I know that some of this sounds really negative, but I have included it to illustrate that this is in fact exactly how many people – both inside and outside the Church – see God. Isn’t it terrible? Isn’t it tragic?

So, how and why does that awful picture of God get transferred to being the way that those outside the Church see when they see certain Christians? I believe it is because those kinds of Christians portray, and represent, God in that way because that is how they believe He is, and they try to imitate Him or at least try to be His ‘representatives’, or ‘agents’ in the world. Which is, actually, exactly what the church is called to be – each of us being Jesus to those around us – but of course the actuality is a sick and twisted version of the reality that it should be. Many Christians can’t stand to see others having fun, precisely because they believe that because God is an angry fun-sucker, who is completely concerned with making sure that nobody has fun and is obsessively repulsed by our ‘sin’, then they should represent that to the world, and so of course that’s what the outside world see.
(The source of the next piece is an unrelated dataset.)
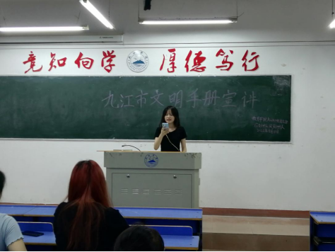 通过此次学习,同学们纷纷表示要按照《九江市民文明手册》标准做好各项工作,争做文明风尚的传播者、文明行为的践行者、文明创建的引领者、志愿精神的传承者,将社会主义核心价值观牢记于心,付诸于行,从自身做起,同创全国文明城市,共建幸福美好九江。
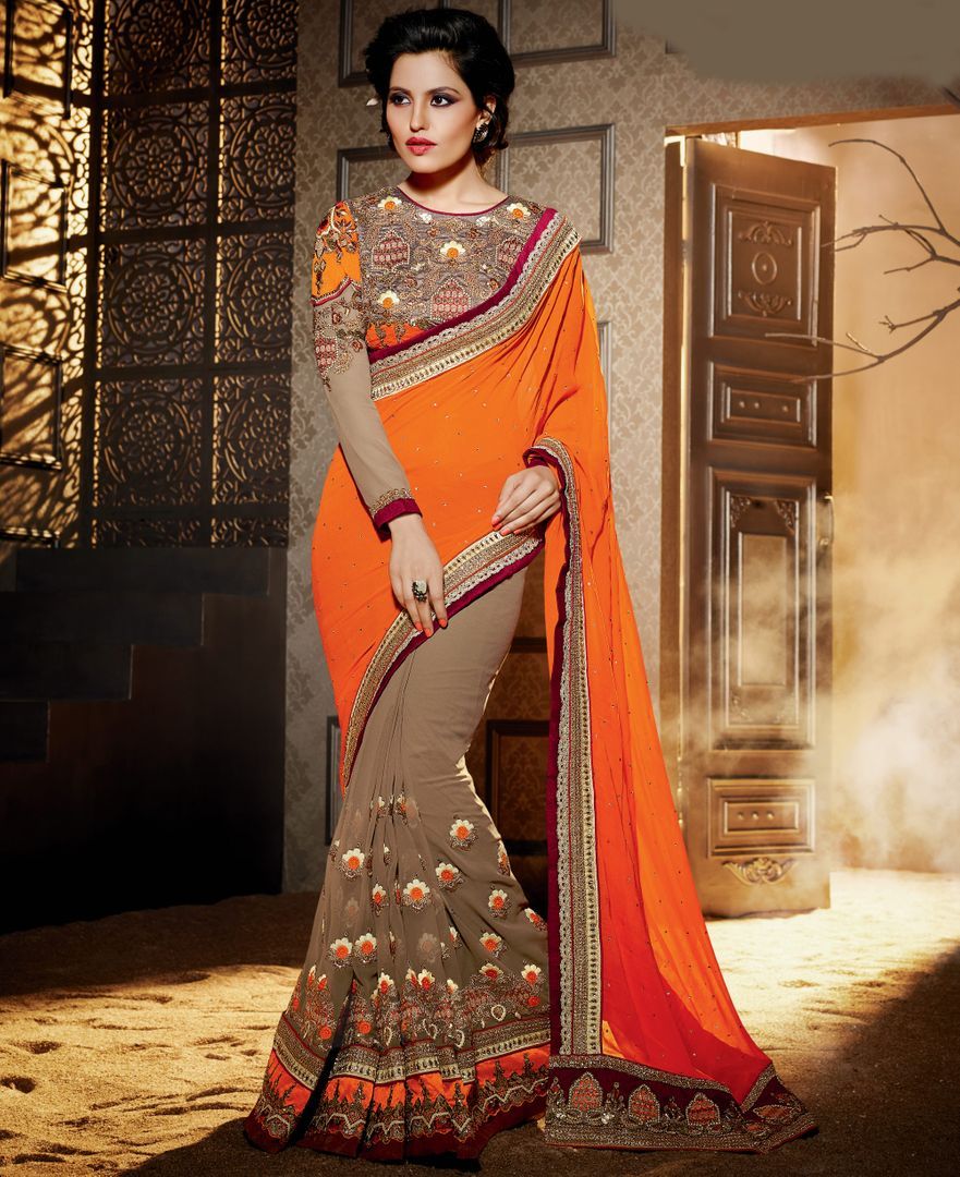 Orange & Brown Color Chiffon Designer Wedding Wear Sarees : Jasmit Collection OS-92855

But as Jeff Turner says in my quotation above, Jesus came to show us what God is really like. He went to parties. His first miracle was to make some really strong wine, that, yes, people probably got drunk on. The religious authorities complained at Him for precisely the same reason as today’s fun-sucking religious types did: they saw His disciples having fun! In Mark 2:18-19,  we see this story: Some people came and asked Jesus, “How is it that John’s disciples and the disciples of the Pharisees are fasting, but yours are not?” Jesus answered, “How can the guests of the bridegroom fast while he is with them? They cannot, so long as they have him with them”. They thought that being acceptable to God meant being all serious all the time and following strict religious observances, whereas actually we can give God no greater honour than to enjoy, and be thankful for, all the blessings He showers on us each day.

As I have shown in my post Graven Image, Jesus came to show us that the image of God we have picked up by reading the Old Testament, and that the people of His time also believed, was incorrect. The religious authorities of the time had fallen into the same trap as many of the believers of today, the trap of believing that God is angry and must be placated by us making all kinds of sacrifices, including sacrificing the enjoyment of life itself, and the religious authorities of our time too fall into the same trap. It’s all behaviour-based rather than relationship-based. God simply wants a relationship with us! However, when we persist in perceiving God as an angry dictator, we portray Him entirely wrongly.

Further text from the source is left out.